TASK TO CARRY OUT:
Go to the line below that has "西游开放超爆副本,进入需要消耗一定伏魔币,累计消耗伏魔币次数可进入更高层", print it and each line after it exactly, and stop after the line that has "Les meilleurs cocktails"; leave out pictures.

RECORDS PROVIDED:

+-------+

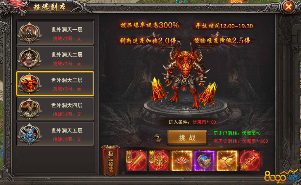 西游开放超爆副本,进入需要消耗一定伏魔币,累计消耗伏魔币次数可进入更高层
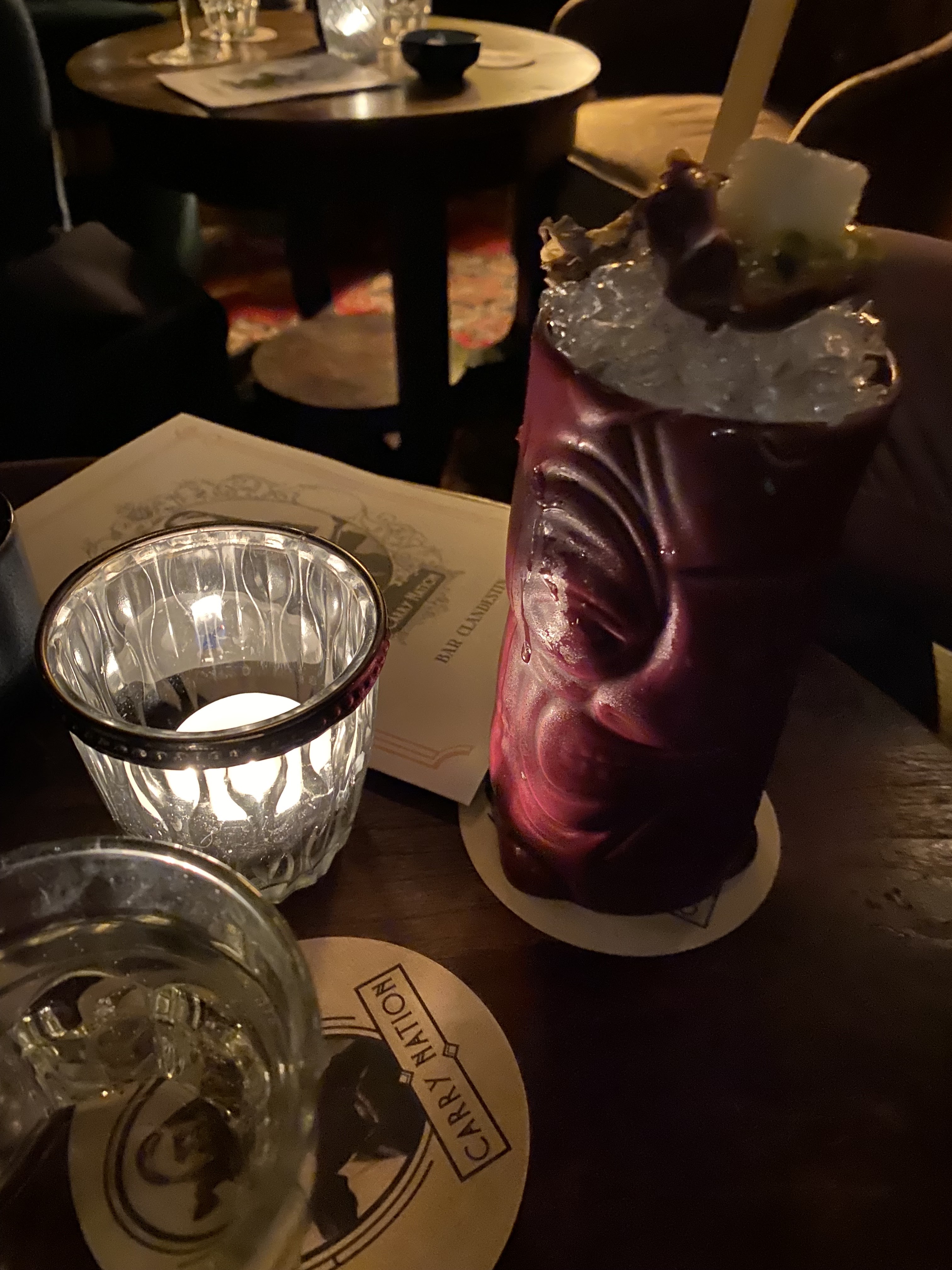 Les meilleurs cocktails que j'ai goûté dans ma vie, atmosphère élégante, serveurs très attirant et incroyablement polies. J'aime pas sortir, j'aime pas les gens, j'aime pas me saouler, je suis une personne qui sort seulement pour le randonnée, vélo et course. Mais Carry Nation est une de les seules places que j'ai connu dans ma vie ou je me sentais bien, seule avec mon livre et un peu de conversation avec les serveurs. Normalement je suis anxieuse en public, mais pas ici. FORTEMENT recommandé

+-------+

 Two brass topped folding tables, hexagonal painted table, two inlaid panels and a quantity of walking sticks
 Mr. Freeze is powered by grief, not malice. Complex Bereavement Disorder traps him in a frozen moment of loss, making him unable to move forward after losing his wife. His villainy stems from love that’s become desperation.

+-------+

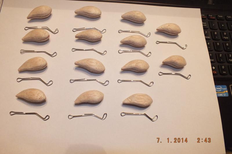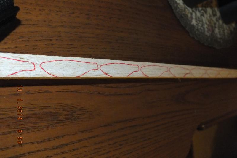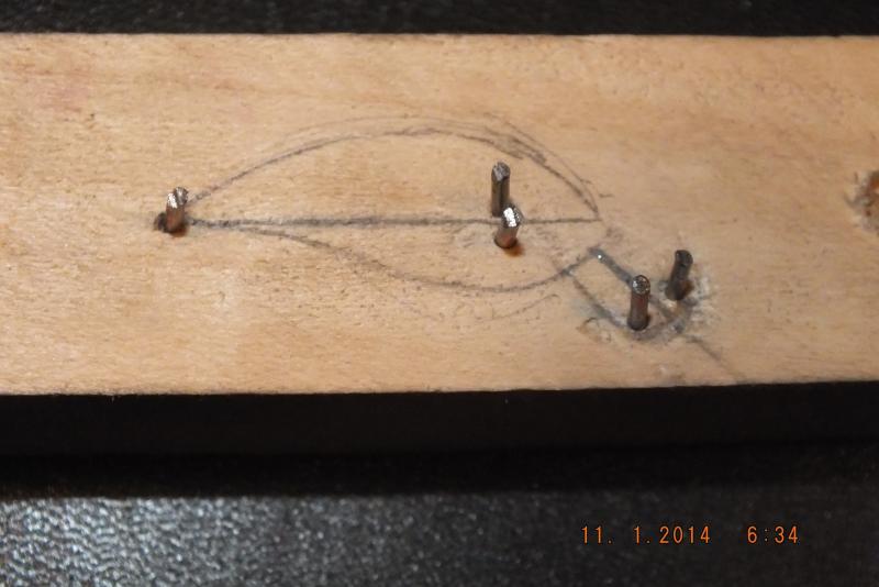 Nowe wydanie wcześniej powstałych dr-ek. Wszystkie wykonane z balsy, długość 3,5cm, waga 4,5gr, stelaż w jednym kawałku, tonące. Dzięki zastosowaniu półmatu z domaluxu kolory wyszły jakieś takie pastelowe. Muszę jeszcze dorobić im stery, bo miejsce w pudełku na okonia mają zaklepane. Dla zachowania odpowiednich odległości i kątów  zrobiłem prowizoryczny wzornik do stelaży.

+-------+

ANSWER FOR THE TASK:
 西游开放超爆副本,进入需要消耗一定伏魔币,累计消耗伏魔币次数可进入更高层
 Les meilleurs cocktails que j'ai goûté dans ma vie, atmosphère élégante, serveurs très attirant et incroyablement polies. J'aime pas sortir, j'aime pas les gens, j'aime pas me saouler, je suis une personne qui sort seulement pour le randonnée, vélo et course. Mais Carry Nation est une de les seules places que j'ai connu dans ma vie ou je me sentais bien, seule avec mon livre et un peu de conversation avec les serveurs. Normalement je suis anxieuse en public, mais pas ici. FORTEMENT recommandé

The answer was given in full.